In the future, once our platform token - HAD - is established and distributed amongst our community, we may enable HAD as an optional alternative currency with which to make and receive payments.

# Additional Features

# Automated Quality Control

Our platform will provide automated tools and plugins to measure data completeness and validity. Automated quality control measures include:

  • Completeness: Check for missing, duplicate, outlier, or null values
  • Validity: Check for formatting errors, such as inconsistent data types

These checks are standard, publicly disclosed, and flag data that falls below a specified threshold. Suppliers may reduce or require additional automated checks, and Suppliers are mandated to rectify or provide explanations for flagged data.

# Open-source data verification tooling

Because data will not be downloadable via our API until it has been finalized, we will provide a system whereby stakeholders can develop and upload additional tooling for data verification within our online interface. This will give stakeholders the flexibility they need to run custom heuristics against the dataset for validity purposes, while at the same time enhancing the overall value of our ecosystem thanks to new and improved tooling.

# Versioning

We will implement version control for datasets. Specifically, there will be per-row version control. This will enable all parties who modify and curate dataset rows to track changes and roll back if necessary.

In addition, we will enable per-dataset change tracking. Once some rows have been modified and signed off as final, the system will increment the overall dataset version. This enables consumers to know when a newer version of the dataset is available as well as make sure that the version they’re currently using doesn’t change due to new data.

# Subset-tagging

Suppliers, when uploading data, are required to provide rich metadata to facilitate seamless data search.

We will allow for subsets of a dataset to be tagged with additional labels. Such tagged subsets will then be fetchable via the API. This will allow users to train models on subsets of a dataset that may have particular properties that are useful to them.

Tagging will usually be done by Suppliers and Annotators on a row-by-row basis. Batch tagging of a selection of rows will also be possible.

# Centralized Storage

Our platform utilizes commercial cloud-hosting services for data storage to optimize data availability and manage costs effectively. To ensure low-latency access worldwide we will employ CDNs and Edge functions where necessary.

# Community governance

We want our community to be actual stakeholders in our platform. With this in mind, we aim to introduce our community cryptocurrency token - HAD - as both a means of rewarding engagement with our platform and providing a voice for community members in shaping the future of the platform and ecosystem.

HAD is minted on Ethereum, a blockchain network that uses an environmentally friendly proof-of-stake consensus algorithm and is secured by $40 billion+ of distributed capital.

# Staking

Holders of our HAD community token can “lock” some or all of their HAD balance within the platform in the form of “staking”. Doing this increases the scarcity of HAD and is ultimately beneficial to our community.
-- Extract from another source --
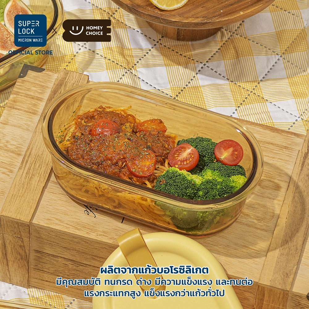 HomeyChoice กล่องอาหาร กล่องแก้วบอโรซิลิเกต เข้าไมโครเวฟได้ ทนอุณหภูมิ ขนาด 700-750ml รุ่น 8084

As a reward for staking, holders will obtain:

  • Discounts on the fees charged by the platform to Data Consumers.
  • Discounts on the fees taken by the platform from the earnings of Data Suppliers.

We also plan to investigate whether it is legally possible for us to distribute platform profits to stakers.

# Treasury

All platform earnings contribute to the platform's treasury, which is partially under community governance.

Additionally, all HAD earned by other stakeholders and platform contributors will be paid out from the treasury. The treasury also receives all HAD paid in by platform contributors. We aim to be self-sustaining over time.

# Distribution

HAD tokens will initially only be available through engagement with the platform. We will detail the tokenomics of our token in the near future.